**Given information**
━━━━━━━━━━
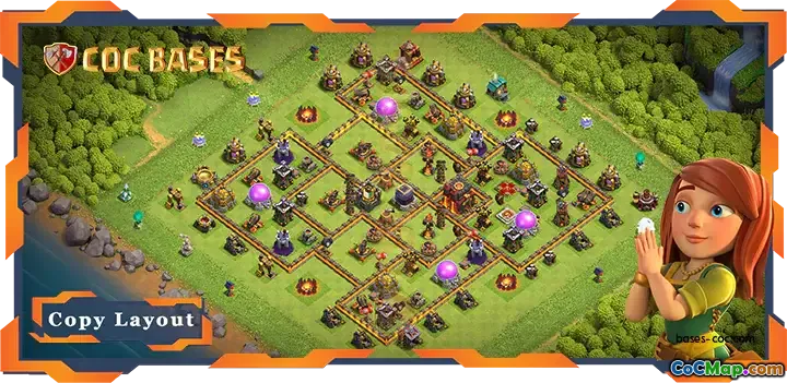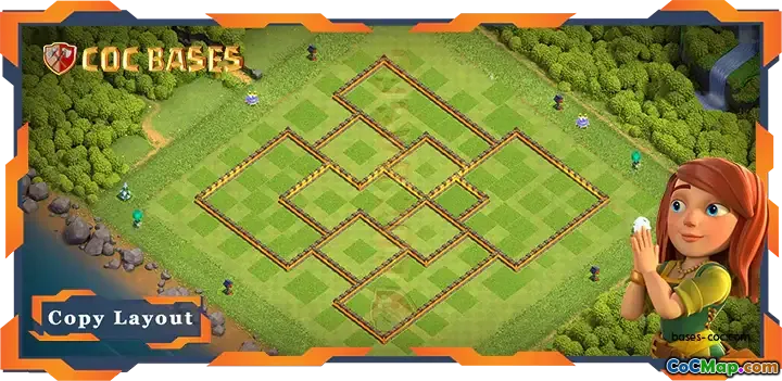 This layout features well-placed defenses, traps, and walls that create a formidable barrier for attackers. The core of the base often contains the Town Hall, surrounded by key defensive structures such as Inferno Towers, X-Bows, and air defenses, which work together to cover all angles of attack. Additionally, the layout utilizes compartments that force attackers to use more troops than they may initially plan, leading to potential overextension and easy defense against their strategies.
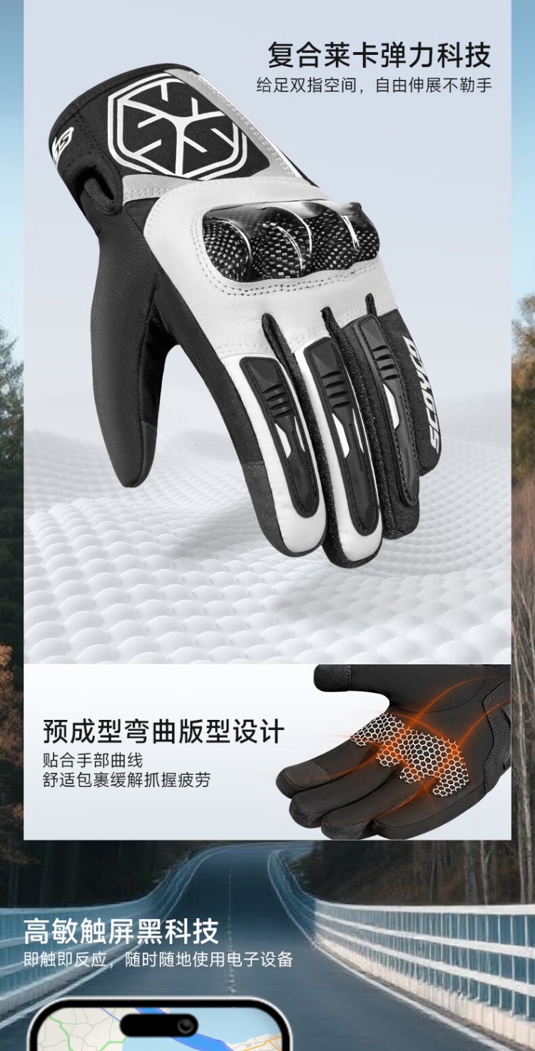 SCOYCO carbon fiber protective windproof, coldproof, warm and waterproof commuter palm protector touch screen autumn, winter and spring racing cycling gloves for men and women
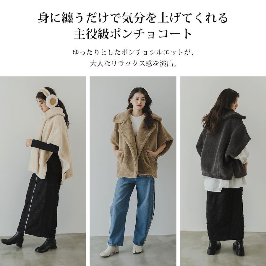 ゆったりとしたポンチョシルエットが、大人なリラックス感を演出。
━━━━━━━━━━
**The problem**
Reproduce each line above precisely, with no pictures.

**Completed exercise**
 This layout features well-placed defenses, traps, and walls that create a formidable barrier for attackers. The core of the base often contains the Town Hall, surrounded by key defensive structures such as Inferno Towers, X-Bows, and air defenses, which work together to cover all angles of attack. Additionally, the layout utilizes compartments that force attackers to use more troops than they may initially plan, leading to potential overextension and easy defense against their strategies.
 SCOYCO carbon fiber protective windproof, coldproof, warm and waterproof commuter palm protector touch screen autumn, winter and spring racing cycling gloves for men and women
 ゆったりとしたポンチョシルエットが、大人なリラックス感を演出。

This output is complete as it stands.